▼

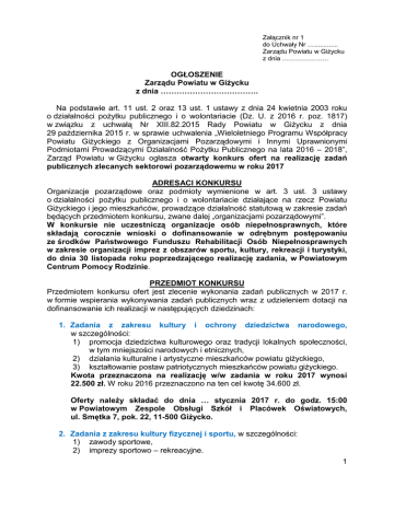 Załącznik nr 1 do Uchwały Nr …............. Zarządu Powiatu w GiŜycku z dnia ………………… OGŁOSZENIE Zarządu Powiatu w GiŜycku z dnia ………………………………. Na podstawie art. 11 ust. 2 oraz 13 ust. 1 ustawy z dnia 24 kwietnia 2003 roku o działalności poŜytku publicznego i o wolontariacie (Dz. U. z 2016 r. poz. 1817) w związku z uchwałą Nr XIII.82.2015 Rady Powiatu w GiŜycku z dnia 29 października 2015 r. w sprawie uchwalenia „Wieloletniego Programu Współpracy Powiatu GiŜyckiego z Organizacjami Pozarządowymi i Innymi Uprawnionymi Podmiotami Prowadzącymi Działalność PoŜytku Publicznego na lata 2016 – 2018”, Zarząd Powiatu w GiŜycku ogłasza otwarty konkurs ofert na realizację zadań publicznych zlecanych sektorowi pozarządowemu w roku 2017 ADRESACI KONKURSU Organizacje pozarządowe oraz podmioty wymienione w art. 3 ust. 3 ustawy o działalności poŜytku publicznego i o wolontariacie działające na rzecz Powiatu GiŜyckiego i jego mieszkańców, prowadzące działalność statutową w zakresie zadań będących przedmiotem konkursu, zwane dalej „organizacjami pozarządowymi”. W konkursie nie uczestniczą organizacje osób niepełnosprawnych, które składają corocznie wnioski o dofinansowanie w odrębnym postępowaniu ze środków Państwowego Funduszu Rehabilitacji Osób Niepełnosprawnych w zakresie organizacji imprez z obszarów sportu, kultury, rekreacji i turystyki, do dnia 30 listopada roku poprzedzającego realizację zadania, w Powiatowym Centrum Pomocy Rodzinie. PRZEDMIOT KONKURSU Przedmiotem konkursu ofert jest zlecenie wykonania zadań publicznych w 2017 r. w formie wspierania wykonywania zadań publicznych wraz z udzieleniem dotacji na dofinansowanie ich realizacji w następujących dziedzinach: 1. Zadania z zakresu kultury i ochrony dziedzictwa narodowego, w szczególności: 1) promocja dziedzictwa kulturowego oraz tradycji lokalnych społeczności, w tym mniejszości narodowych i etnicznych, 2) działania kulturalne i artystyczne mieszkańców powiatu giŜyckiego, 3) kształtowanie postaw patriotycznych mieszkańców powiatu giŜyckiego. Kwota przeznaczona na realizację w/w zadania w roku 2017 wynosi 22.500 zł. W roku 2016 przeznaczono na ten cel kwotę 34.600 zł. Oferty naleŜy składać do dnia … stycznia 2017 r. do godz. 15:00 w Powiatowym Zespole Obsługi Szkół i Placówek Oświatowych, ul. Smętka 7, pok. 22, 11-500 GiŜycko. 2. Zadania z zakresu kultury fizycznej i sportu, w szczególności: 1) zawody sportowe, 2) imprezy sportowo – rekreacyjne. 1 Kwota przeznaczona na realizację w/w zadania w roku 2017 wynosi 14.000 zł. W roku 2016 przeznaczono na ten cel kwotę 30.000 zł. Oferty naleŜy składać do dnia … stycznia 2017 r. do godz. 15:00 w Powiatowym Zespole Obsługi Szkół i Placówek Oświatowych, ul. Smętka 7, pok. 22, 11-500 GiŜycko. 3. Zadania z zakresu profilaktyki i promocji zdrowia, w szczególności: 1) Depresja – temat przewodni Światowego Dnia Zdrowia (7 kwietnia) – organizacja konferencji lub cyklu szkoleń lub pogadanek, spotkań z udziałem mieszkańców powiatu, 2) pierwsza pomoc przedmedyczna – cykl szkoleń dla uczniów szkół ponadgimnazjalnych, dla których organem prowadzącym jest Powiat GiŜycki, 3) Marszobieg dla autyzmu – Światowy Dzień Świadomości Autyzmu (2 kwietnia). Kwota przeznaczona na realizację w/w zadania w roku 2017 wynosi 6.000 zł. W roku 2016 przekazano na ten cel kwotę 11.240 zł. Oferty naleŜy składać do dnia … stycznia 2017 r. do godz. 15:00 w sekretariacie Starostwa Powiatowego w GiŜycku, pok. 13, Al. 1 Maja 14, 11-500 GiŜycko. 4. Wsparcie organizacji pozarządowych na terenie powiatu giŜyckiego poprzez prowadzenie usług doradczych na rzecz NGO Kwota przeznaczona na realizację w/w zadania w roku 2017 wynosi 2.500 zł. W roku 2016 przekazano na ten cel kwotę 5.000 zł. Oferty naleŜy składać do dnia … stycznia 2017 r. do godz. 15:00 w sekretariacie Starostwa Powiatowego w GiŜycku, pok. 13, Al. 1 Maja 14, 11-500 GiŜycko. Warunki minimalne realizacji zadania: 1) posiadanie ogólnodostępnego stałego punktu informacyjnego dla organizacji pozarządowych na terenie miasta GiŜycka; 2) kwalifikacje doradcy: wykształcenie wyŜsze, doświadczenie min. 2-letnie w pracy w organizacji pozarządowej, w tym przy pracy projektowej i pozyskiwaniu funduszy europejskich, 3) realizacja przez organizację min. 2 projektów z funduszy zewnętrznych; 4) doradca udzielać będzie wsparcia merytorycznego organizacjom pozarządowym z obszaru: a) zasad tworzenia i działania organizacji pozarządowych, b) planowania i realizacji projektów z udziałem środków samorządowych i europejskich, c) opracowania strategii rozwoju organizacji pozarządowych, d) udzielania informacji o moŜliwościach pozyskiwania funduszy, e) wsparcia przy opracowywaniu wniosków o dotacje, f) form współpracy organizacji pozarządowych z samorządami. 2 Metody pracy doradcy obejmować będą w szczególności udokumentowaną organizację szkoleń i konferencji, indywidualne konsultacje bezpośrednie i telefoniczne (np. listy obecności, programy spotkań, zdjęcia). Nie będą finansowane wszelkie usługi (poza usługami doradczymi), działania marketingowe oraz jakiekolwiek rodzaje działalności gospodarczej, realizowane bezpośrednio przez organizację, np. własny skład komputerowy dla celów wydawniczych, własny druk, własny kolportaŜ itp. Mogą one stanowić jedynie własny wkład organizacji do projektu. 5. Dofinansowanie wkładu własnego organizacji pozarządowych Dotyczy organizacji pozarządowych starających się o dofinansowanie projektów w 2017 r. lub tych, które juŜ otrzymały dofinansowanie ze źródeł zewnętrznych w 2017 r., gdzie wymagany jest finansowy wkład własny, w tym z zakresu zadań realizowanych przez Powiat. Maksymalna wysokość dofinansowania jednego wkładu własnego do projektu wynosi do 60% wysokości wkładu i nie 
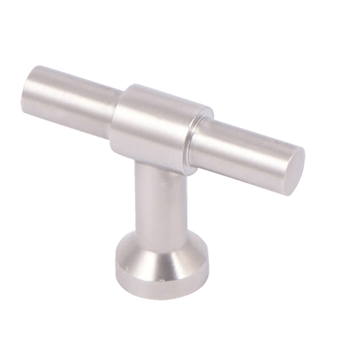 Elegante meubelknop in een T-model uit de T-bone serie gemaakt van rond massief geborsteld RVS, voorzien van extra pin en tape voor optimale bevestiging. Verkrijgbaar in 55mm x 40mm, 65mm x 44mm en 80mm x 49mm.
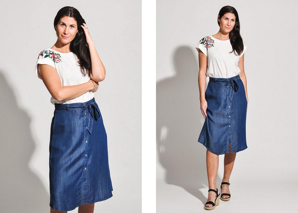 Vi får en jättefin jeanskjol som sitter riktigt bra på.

▲

● HOW TO COMPLETE THIS TASK
Set the listing down in full and exactly. Pictures within it should not appear in the copy.

● RESPONSE TO THIS EXERCISE
 Załącznik nr 1 do Uchwały Nr …............. Zarządu Powiatu w GiŜycku z dnia ………………… OGŁOSZENIE Zarządu Powiatu w GiŜycku z dnia ………………………………. Na podstawie art. 11 ust. 2 oraz 13 ust. 1 ustawy z dnia 24 kwietnia 2003 roku o działalności poŜytku publicznego i o wolontariacie (Dz. U. z 2016 r. poz. 1817) w związku z uchwałą Nr XIII.82.2015 Rady Powiatu w GiŜycku z dnia 29 października 2015 r. w sprawie uchwalenia „Wieloletniego Programu Współpracy Powiatu GiŜyckiego z Organizacjami Pozarządowymi i Innymi Uprawnionymi Podmiotami Prowadzącymi Działalność PoŜytku Publicznego na lata 2016 – 2018”, Zarząd Powiatu w GiŜycku ogłasza otwarty konkurs ofert na realizację zadań publicznych zlecanych sektorowi pozarządowemu w roku 2017 ADRESACI KONKURSU Organizacje pozarządowe oraz podmioty wymienione w art. 3 ust. 3 ustawy o działalności poŜytku publicznego i o wolontariacie działające na rzecz Powiatu GiŜyckiego i jego mieszkańców, prowadzące działalność statutową w zakresie zadań będących przedmiotem konkursu, zwane dalej „organizacjami pozarządowymi”. W konkursie nie uczestniczą organizacje osób niepełnosprawnych, które składają corocznie wnioski o dofinansowanie w odrębnym postępowaniu ze środków Państwowego Funduszu Rehabilitacji Osób Niepełnosprawnych w zakresie organizacji imprez z obszarów sportu, kultury, rekreacji i turystyki, do dnia 30 listopada roku poprzedzającego realizację zadania, w Powiatowym Centrum Pomocy Rodzinie. PRZEDMIOT KONKURSU Przedmiotem konkursu ofert jest zlecenie wykonania zadań publicznych w 2017 r. w formie wspierania wykonywania zadań publicznych wraz z udzieleniem dotacji na dofinansowanie ich realizacji w następujących dziedzinach: 1. Zadania z zakresu kultury i ochrony dziedzictwa narodowego, w szczególności: 1) promocja dziedzictwa kulturowego oraz tradycji lokalnych społeczności, w tym mniejszości narodowych i etnicznych, 2) działania kulturalne i artystyczne mieszkańców powiatu giŜyckiego, 3) kształtowanie postaw patriotycznych mieszkańców powiatu giŜyckiego. Kwota przeznaczona na realizację w/w zadania w roku 2017 wynosi 22.500 zł. W roku 2016 przeznaczono na ten cel kwotę 34.600 zł. Oferty naleŜy składać do dnia … stycznia 2017 r. do godz. 15:00 w Powiatowym Zespole Obsługi Szkół i Placówek Oświatowych, ul. Smętka 7, pok. 22, 11-500 GiŜycko. 2. Zadania z zakresu kultury fizycznej i sportu, w szczególności: 1) zawody sportowe, 2) imprezy sportowo – rekreacyjne. 1 Kwota przeznaczona na realizację w/w zadania w roku 2017 wynosi 14.000 zł. W roku 2016 przeznaczono na ten cel kwotę 30.000 zł. Oferty naleŜy składać do dnia … stycznia 2017 r. do godz. 15:00 w Powiatowym Zespole Obsługi Szkół i Placówek Oświatowych, ul. Smętka 7, pok. 22, 11-500 GiŜycko. 3. Zadania z zakresu profilaktyki i promocji zdrowia, w szczególności: 1) Depresja – temat przewodni Światowego Dnia Zdrowia (7 kwietnia) – organizacja konferencji lub cyklu szkoleń lub pogadanek, spotkań z udziałem mieszkańców powiatu, 2) pierwsza pomoc przedmedyczna – cykl szkoleń dla uczniów szkół ponadgimnazjalnych, dla których organem prowadzącym jest Powiat GiŜycki, 3) Marszobieg dla autyzmu – Światowy Dzień Świadomości Autyzmu (2 kwietnia). Kwota przeznaczona na realizację w/w zadania w roku 2017 wynosi 6.000 zł. W roku 2016 przekazano na ten cel kwotę 11.240 zł. Oferty naleŜy składać do dnia … stycznia 2017 r. do godz. 15:00 w sekretariacie Starostwa Powiatowego w GiŜycku, pok. 13, Al. 1 Maja 14, 11-500 GiŜycko. 4. Wsparcie organizacji pozarządowych na terenie powiatu giŜyckiego poprzez prowadzenie usług doradczych na rzecz NGO Kwota przeznaczona na realizację w/w zadania w roku 2017 wynosi 2.500 zł. W roku 2016 przekazano na ten cel kwotę 5.000 zł. Oferty naleŜy składać do dnia … stycznia 2017 r. do godz. 15:00 w sekretariacie Starostwa Powiatowego w GiŜycku, pok. 13, Al. 1 Maja 14, 11-500 GiŜycko. Warunki minimalne realizacji zadania: 1) posiadanie ogólnodostępnego stałego punktu informacyjnego dla organizacji pozarządowych na terenie miasta GiŜycka; 2) kwalifikacje doradcy: wykształcenie wyŜsze, doświadczenie min. 2-letnie w pracy w organizacji pozarządowej, w tym przy pracy projektowej i pozyskiwaniu funduszy europejskich, 3) realizacja przez organizację min. 2 projektów z funduszy zewnętrznych; 4) doradca udzielać będzie wsparcia merytorycznego organizacjom pozarządowym z obszaru: a) zasad tworzenia i działania organizacji pozarządowych, b) planowania i realizacji projektów z udziałem środków samorządowych i europejskich, c) opracowania strategii rozwoju organizacji pozarządowych, d) udzielania informacji o moŜliwościach pozyskiwania funduszy, e) wsparcia przy opracowywaniu wniosków o dotacje, f) form współpracy organizacji pozarządowych z samorządami. 2 Metody pracy doradcy obejmować będą w szczególności udokumentowaną organizację szkoleń i konferencji, indywidualne konsultacje bezpośrednie i telefoniczne (np. listy obecności, programy spotkań, zdjęcia). Nie będą finansowane wszelkie usługi (poza usługami doradczymi), działania marketingowe oraz jakiekolwiek rodzaje działalności gospodarczej, realizowane bezpośrednio przez organizację, np. własny skład komputerowy dla celów wydawniczych, własny druk, własny kolportaŜ itp. Mogą one stanowić jedynie własny wkład organizacji do projektu. 5. Dofinansowanie wkładu własnego organizacji pozarządowych Dotyczy organizacji pozarządowych starających się o dofinansowanie projektów w 2017 r. lub tych, które juŜ otrzymały dofinansowanie ze źródeł zewnętrznych w 2017 r., gdzie wymagany jest finansowy wkład własny, w tym z zakresu zadań realizowanych przez Powiat. Maksymalna wysokość dofinansowania jednego wkładu własnego do projektu wynosi do 60% wysokości wkładu i nie 
 Elegante meubelknop in een T-model uit de T-bone serie gemaakt van rond massief geborsteld RVS, voorzien van extra pin en tape voor optimale bevestiging. Verkrijgbaar in 55mm x 40mm, 65mm x 44mm en 80mm x 49mm.
 Vi får en jättefin jeanskjol som sitter riktigt bra på.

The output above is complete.